--- Raw data ---

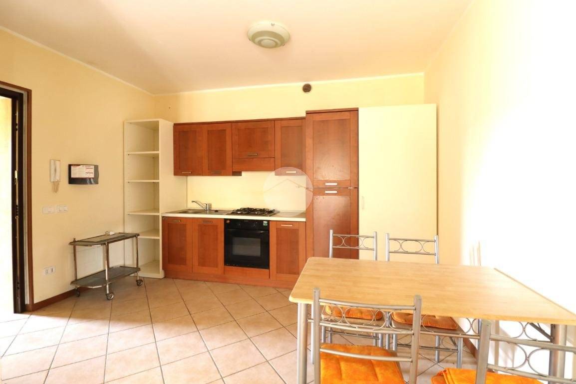 L’ingresso si apre su un soggiorno con angolo cottura, pratico e funzionale.
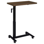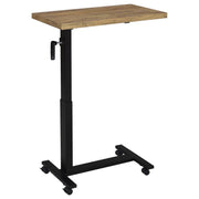 Transform your bedroom into a functional retreat with this height-adjustable C-table, designed specifically for use while reclining in bed. The 28-inch wide wood-inspired top offers ample space for working, dining, or reading. Featuring a smooth hand-crank mechanism, the table adjusts from 27 to 39 inches in height for personalized comfort. Its heavy-duty steel base, finished in a matte black powder coat, ensures durability and stability, making it the perfect bedside companion.
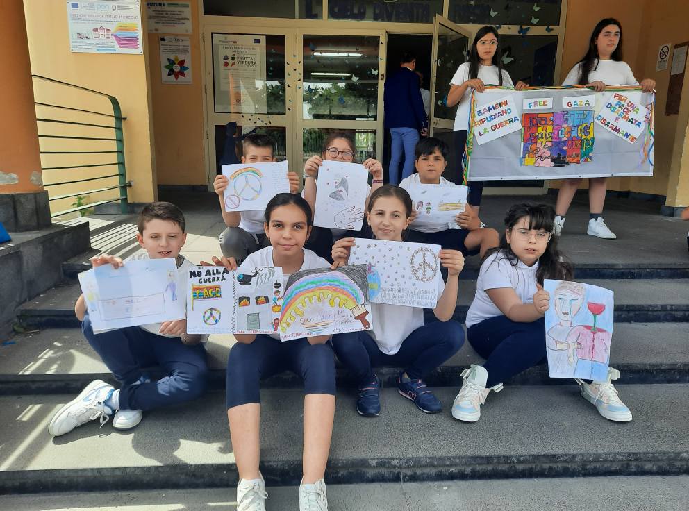 Gli alunni hanno esposto i loro disegni sul tema: R1PUD1A la guerra, adottando la campagna di Emergency, l’organizzazione umanitaria fondata da Gino Strada, e per una “Pace disarmata e disarmante”, attraverso i quali hanno voluto rappresentare ed esprimere il loro stato d’animo per la morte di tanti loro coetanei innocenti. “Spero che la guerra di Gaza finisca presto e che tutti i bambini si salveranno da questo orribile massacro, perché non lo meritano e devono vivere la loro vita in pace. I bambini hanno diritto alla vita. Free Gaza!”.
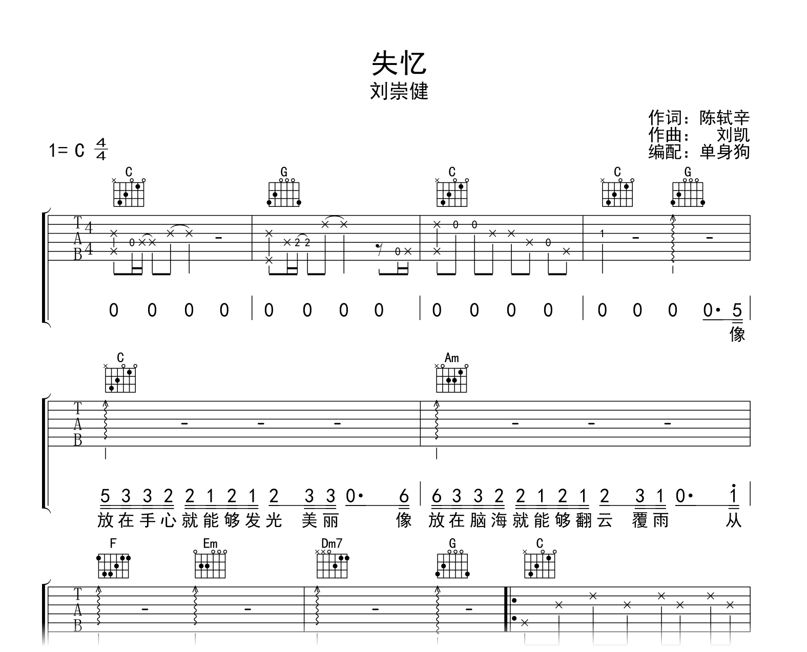 失忆吉他谱 - 刘崇健 - C调吉他弹唱谱

---

Problem:
Could the data be reproduced exactly, with the pictures omitted?

Final answer:
 L’ingresso si apre su un soggiorno con angolo cottura, pratico e funzionale.
 Transform your bedroom into a functional retreat with this height-adjustable C-table, designed specifically for use while reclining in bed. The 28-inch wide wood-inspired top offers ample space for working, dining, or reading. Featuring a smooth hand-crank mechanism, the table adjusts from 27 to 39 inches in height for personalized comfort. Its heavy-duty steel base, finished in a matte black powder coat, ensures durability and stability, making it the perfect bedside companion.
 Gli alunni hanno esposto i loro disegni sul tema: R1PUD1A la guerra, adottando la campagna di Emergency, l’organizzazione umanitaria fondata da Gino Strada, e per una “Pace disarmata e disarmante”, attraverso i quali hanno voluto rappresentare ed esprimere il loro stato d’animo per la morte di tanti loro coetanei innocenti. “Spero che la guerra di Gaza finisca presto e che tutti i bambini si salveranno da questo orribile massacro, perché non lo meritano e devono vivere la loro vita in pace. I bambini hanno diritto alla vita. Free Gaza!”.
 失忆吉他谱 - 刘崇健 - C调吉他弹唱谱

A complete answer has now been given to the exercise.